The personal data that you provide us with on our career website within the context of a job application is stored for one year for the purpose of evaluating suitable vacancies for your person. Upon expiration of this period, such data including all documents provided to us with your application are deleted.
9. Data backup and location of processing activities
All our systems on which personal data is stored are password-protected and only accessible to a limited group of persons. Processing and use of the data will take place exclusively in the territory of the Federal Republic of Germany, in a Member State of the European Union or another contracting state of the Agreement on the European Economic Area.
10. Forwarding of data
We will not pass your personal data on to any third parties, except if we are legally entitled to do so or if you have given your consent.
Forwarding of data to any state facilities and/or public authorities shall only take place when we are required to do so by mandatory legal provisions or official or judicial orders.

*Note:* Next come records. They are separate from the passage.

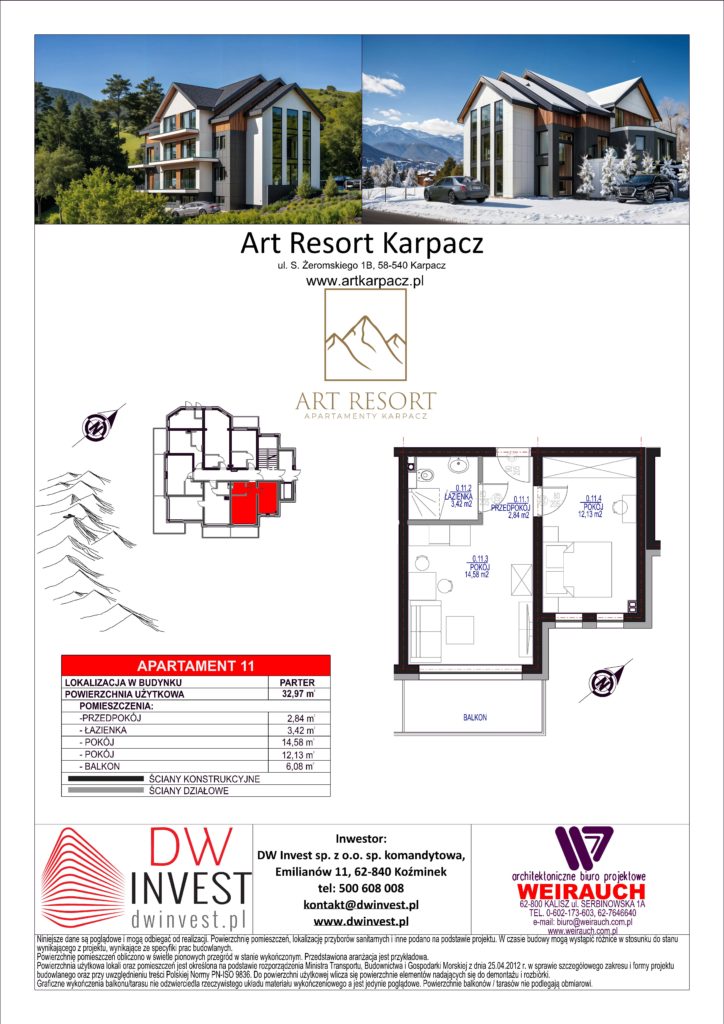 Poniższe zdjęcia przedstawiają przykładowe wizualizacje i standard wykończenia Art Resort Karpacz. Finalny układ, metraż i rozmieszczenie elementów wyposażenia apartamentu mogą się różnić w zależności od wybranego numeru lokalu.
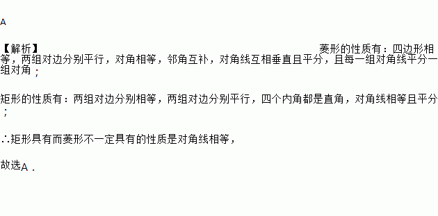 A 【解析】菱形的性质有:四边形相等,两组对边分别平行,对角相等,邻角互补,对角线互相垂直且平分,且每一组对角线平分一组对角; 矩形的性质有:两组对边分别相等,两组对边分别平行,四个内角都是直角,对角线相等且平分; ∴矩形具有而菱形不一定具有的性质是对角线相等, 故选A.
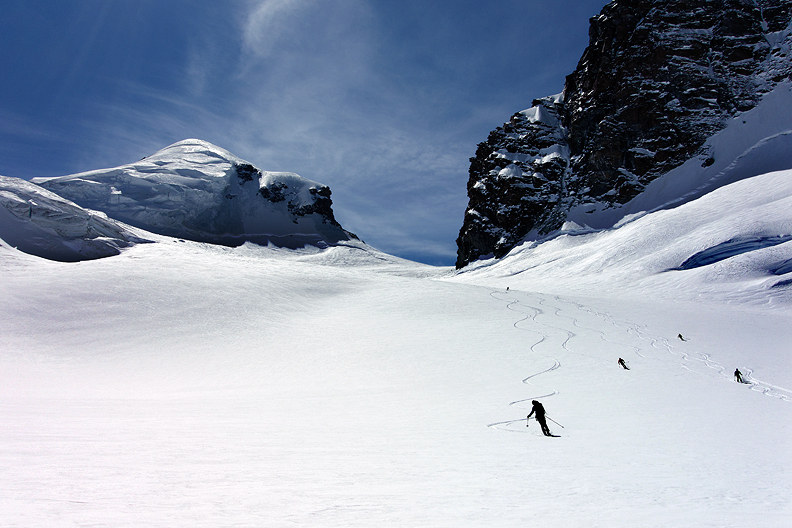 It's April, time to leave Chamonix behind en route to Zermatt! Joining us, the following crew of strong skiers: |
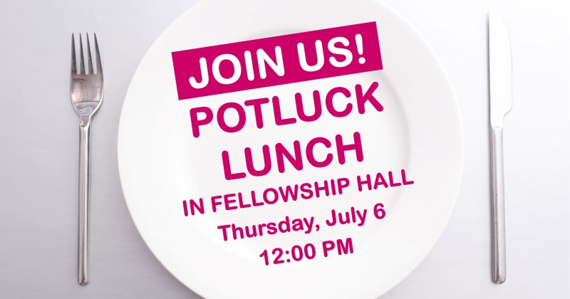 Inviting ALL WOMEN of the church to attend the July Lunch on Thursday, July 6th at Noon in Fellowship Hall. This will be a POTLUCK meal. Bring your favorite dish to share. Drinks, plates and silverware will be provided. Come and share your ideas for future gatherings like programs, service projects, etc. We hope you will join us for a time of delicious food and great conversation.
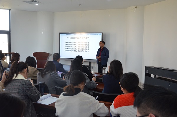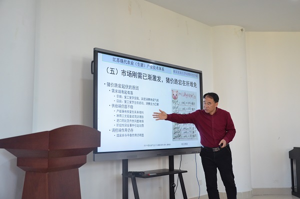 黄瑞华以《关于中国生猪产业几个问题的思考》为题,从当前养猪生产形势、如何看待我国生猪产业安全问题、我国究竟需要多少猪与多少猪肉、生物安全究竟怎么理解以及应做到什么程度等八个方面进行详细阐述,并向同学们介绍了如何预判我国生猪产业未来的发展方向。
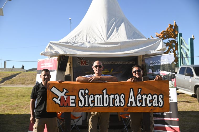 Una de las 25 empresas que se encuentran en el sector Agro de la Feria Industrial es la de Marcelo Alberto Elena, encargado de una empresa de siembra, fumigación y combate de incendios forestales con medios aéreos. Con base operativa en Nueva Escocia, brindan servicios a productores de toda la provincia.
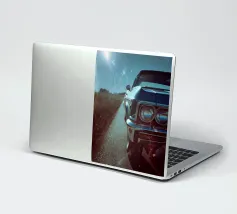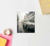 Ein detailliertes Porträt eines vom Regen durchnässten Oldtimers, das ein Gefühl von Nostalgie und Eleganz vermittelt. Hochwertige Fotografie, perfekt für Autoliebhaber, Kunstliebhaber und Grafikdesigner. Die scharfen Texturen, Farben und Details sind ein echter Blickfang.
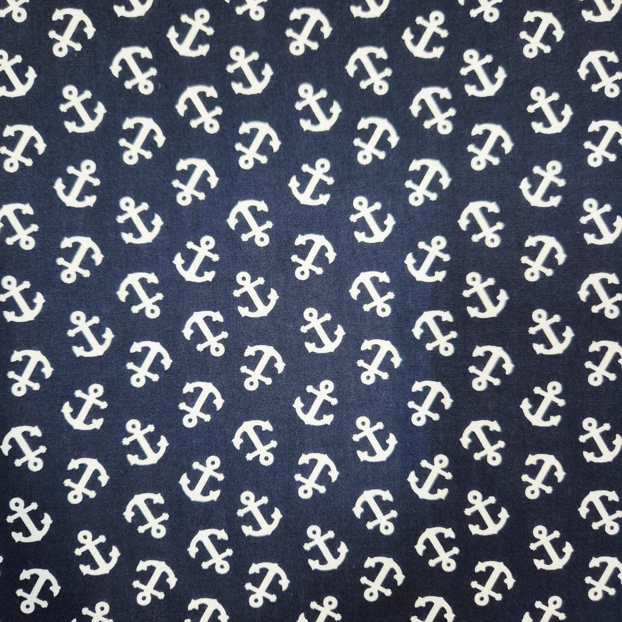 Der Preis gilt je 1/2 Laufmeter (0,5m Länge x 1,45 m Breite) Baumwollstoff, einseitig bedruckt mit weissen Ankern auf dunkelblauem Fond . Ein klassisches Motiv für kleine und große Seefahrer/innen. Ökotex100

If the aforementioned requirements are not met, we only forward personal data to third parties if you have consented thereto (Article 6(1) sentence 1 lit. (a) GDPR).
11. Your rights
You have the following rights vis-à-vis us regarding your personal data:
• Right to access (Article 15 GDPR),
• Right to rectification and right to erasure (Articles 16 and 17 GDPR),
• Right to restriction of processing (Article 18 GDPR),
• Right to data portability (Article 20 GDPR).
12. Right to lodge a complaint with the data protection supervisory authority
If you believe that our processing of your personal data is not in compliance with the provisions described herein and/or the applicable data protection laws, you have the right to lodge a complaint with one of the competent data protection supervisory authorities.
13. Right to object
According to Article 21(1) GDPR, you have the right to object at any time to the processing of your personal data within the meaning of Article 6(1) sentence 1 lit. (e) or (f) of GDPR. We kindly ask you to indicate in your objection the reasons why we should no longer process your personal data. You may address your objection to the controller (see section 1) or to our data protection officer (see section 2). In case of a substantiated objection, we shall no longer use your personal data for the respective purposes and erase them from our system, unless we can demonstrate compelling legitimate grounds for the processing which override your interests, rights and freedoms or for the establishment, exercise or defence of legal claims.